**EXERCISE:**
Beginning at the line that contains "GRAPENT Capri Jeans" and finishing at the line that contains "Step out in", output the data below exactly. Include both end lines and no pictures.

**DATA TO EXAMINE:**

* * * * * * *

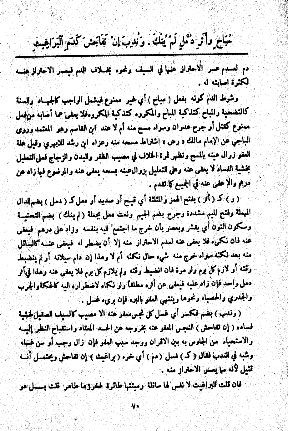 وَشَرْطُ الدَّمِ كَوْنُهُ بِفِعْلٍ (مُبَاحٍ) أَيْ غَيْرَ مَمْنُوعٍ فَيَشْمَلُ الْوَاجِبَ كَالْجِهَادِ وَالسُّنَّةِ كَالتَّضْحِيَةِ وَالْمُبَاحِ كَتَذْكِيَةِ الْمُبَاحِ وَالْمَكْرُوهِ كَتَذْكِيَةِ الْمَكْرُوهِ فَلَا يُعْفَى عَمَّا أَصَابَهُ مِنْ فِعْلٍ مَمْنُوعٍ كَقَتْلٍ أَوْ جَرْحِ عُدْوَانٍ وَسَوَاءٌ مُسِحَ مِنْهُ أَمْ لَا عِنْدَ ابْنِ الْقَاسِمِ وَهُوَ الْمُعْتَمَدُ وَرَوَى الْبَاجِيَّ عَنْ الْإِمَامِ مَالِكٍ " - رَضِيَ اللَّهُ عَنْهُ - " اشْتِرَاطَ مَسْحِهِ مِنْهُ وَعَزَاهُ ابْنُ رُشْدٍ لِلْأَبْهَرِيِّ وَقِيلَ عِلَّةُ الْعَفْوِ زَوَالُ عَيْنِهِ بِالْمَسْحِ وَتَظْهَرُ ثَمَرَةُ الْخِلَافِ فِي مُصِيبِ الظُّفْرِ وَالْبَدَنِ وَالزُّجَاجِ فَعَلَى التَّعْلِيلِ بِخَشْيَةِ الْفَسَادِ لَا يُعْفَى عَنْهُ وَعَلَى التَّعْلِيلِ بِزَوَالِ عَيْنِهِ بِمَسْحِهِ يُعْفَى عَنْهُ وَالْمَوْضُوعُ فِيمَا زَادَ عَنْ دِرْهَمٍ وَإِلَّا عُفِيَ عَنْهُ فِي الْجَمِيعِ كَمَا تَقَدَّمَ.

* * * * * * *

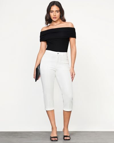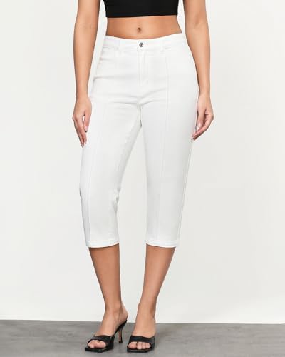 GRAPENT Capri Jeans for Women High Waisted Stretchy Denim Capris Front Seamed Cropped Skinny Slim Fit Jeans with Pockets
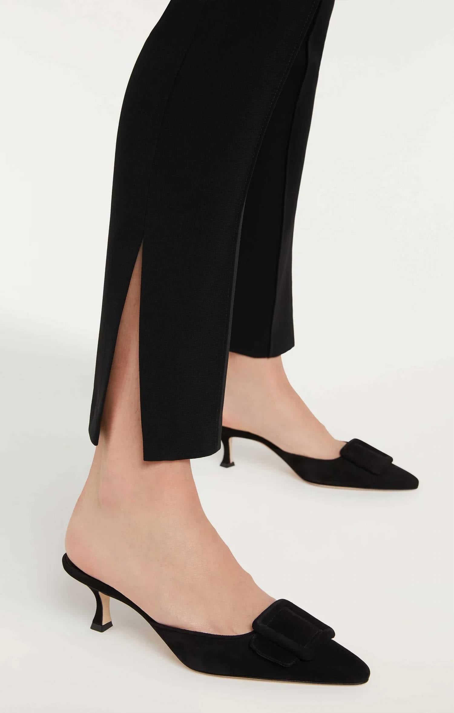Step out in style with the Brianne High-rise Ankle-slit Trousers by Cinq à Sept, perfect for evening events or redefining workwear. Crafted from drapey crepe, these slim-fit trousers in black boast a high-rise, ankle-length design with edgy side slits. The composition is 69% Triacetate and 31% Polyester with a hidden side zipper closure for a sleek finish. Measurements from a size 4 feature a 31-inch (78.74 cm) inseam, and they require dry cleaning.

* * * * * * *

**EXERCISE RESULT:**
 GRAPENT Capri Jeans for Women High Waisted Stretchy Denim Capris Front Seamed Cropped Skinny Slim Fit Jeans with Pockets
Step out in style with the Brianne High-rise Ankle-slit Trousers by Cinq à Sept, perfect for evening events or redefining workwear. Crafted from drapey crepe, these slim-fit trousers in black boast a high-rise, ankle-length design with edgy side slits. The composition is 69% Triacetate and 31% Polyester with a hidden side zipper closure for a sleek finish. Measurements from a size 4 feature a 31-inch (78.74 cm) inseam, and they require dry cleaning.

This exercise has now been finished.